Among the study’s most interesting findings are how each
country’s HIV burden correlates with the reduction in DALYs lost to HIV since
AIDS deaths were at their peak. This peak may have happened anywhere between
1996, when antiretroviral therapy (ART) started becoming available in developed
countries, to last year.
Countries that have made large inroads into their AIDS burden
fall into two types: they are either high-income countries that controlled
their HIV burden early, or low-income countries with good ART programmes instituted more
recently. There are eight countries
where DALYs lost due to HIV have fallen by more than 80% from their peak, and they
are a mixed bag: Spain, France, Netherlands, New Zealand and Japan on the one
hand, and on the other hand Rwanda, Haiti and, top of the league with an 86.2%
reduction in DALYs lost to HIV, Cambodia.
The United Kingdom only does relatively well in this respect,
with a 63.5% fall in DALYs lost to HIV, not as large, for example, as the 75%
seen in the USA, Germany and Botswana. Other contrasting pairs include Ethiopia,
with a 68% fall in DALYs, compared with the countries on either side, Sudan and
Somalia, which have seen no fall.
The countries with the biggest number of HIV-related DALYs
lost also form a contrasting pair. In South Africa, with 11 billion DALYs lost
to HIV in 2010 (500 times as many as the UK), DALYs lost have fallen by 33%, which
is creditable given the daunting epidemic the country faces. In India they have
only fallen by 8.6%.
Next door to Cambodia is an example of a country where DALYs
lost to HIV have yet to fall – Vietnam, where HIV is the sixth most significant
cause of death and disability. Vietnam may be an example of a country where HIV
arrived quite late and is only now going through its phase of expansion: other
examples include the Philippines, Afghanistan, China and Pakistan. Most of
these countries are currently seeing rapid HIV prevalence increases in gay
men/MSM (men who have sex with men) or in people who inject drugs.

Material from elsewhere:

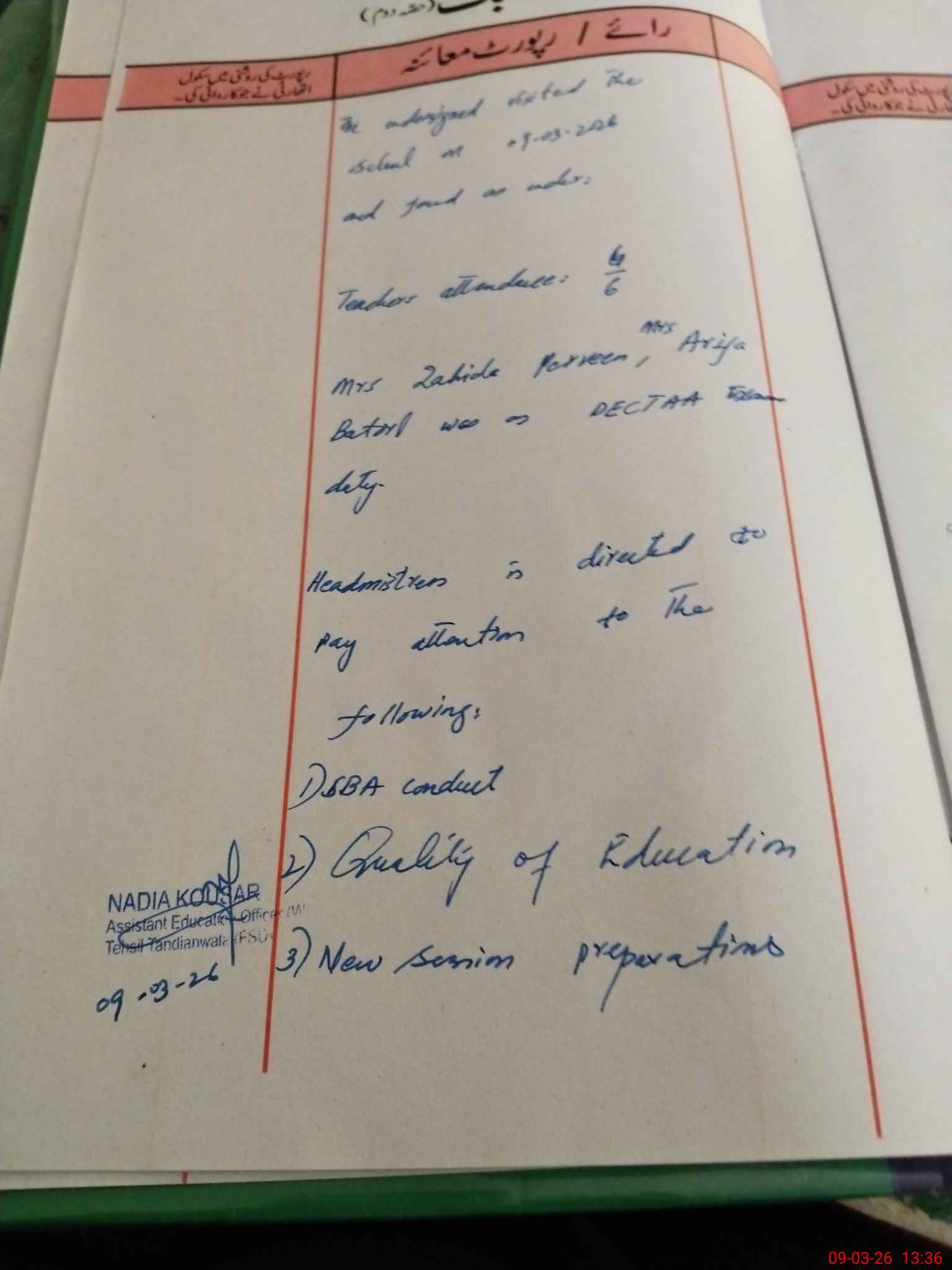 | Certified that this School was Inspected by the Undersigned MEA/DMO Today and the Information Stated Above is as Per Record. | |||||

There are, however, a handful of countries where there has been
a significant HIV presence for some time but which have not succeeded in
bringing down AIDS deaths and HIV disability. As noted above, these include the
DRC, with a 2.7% fall in DALYs, Ukraine, with a 2% fall, Russia, with an 0.5%
fall and Indonesia, with no fall at all.
No doubt countries’ failure to address their HIV epidemics
have many reasons but two factors stand out: HIV treatment unsurprisingly lags
behind in countries recently torn apart by war (Sierra Leone and Liberia are
other examples), and also in countries where treatment does not get to high-prevalence
but highly stigmatised populations.
Gross economic inequality and corruption
may be a factor, too: HIV death and disability has fallen disproportionately little
in the oil-rich but extremely unequal states of Angola and Equatorial Guinea,
and the latter is the only country in the world where HIV is the number one
cause of death and disability but which has seen no fall in DALYs lost to HIV.
In Europe, economic decline may be a factor, with Portugal and Greece only
seeing relatively poor 29 and 33% declines in DALYs lost, compared to at least
twice that in their EU neighbours.
There is much good news in the report, however. One example is
Papua New Guinea, which a few years ago
was seeing such alarming rises in HIV prevalence it was being talked about as
the possible site of the first hyperepidemic of HIV outside Africa. In the last
few years, however, it has seen a 51% fall in HIV-related death and disability.
The world clearly has a long way to go before HIV is
extirpated. This report, however, offers clues, in the often unexpected contrasts
in success in fighting HIV between closely neighbouring countries, as to what
may hinder, and help, the fight against the virus.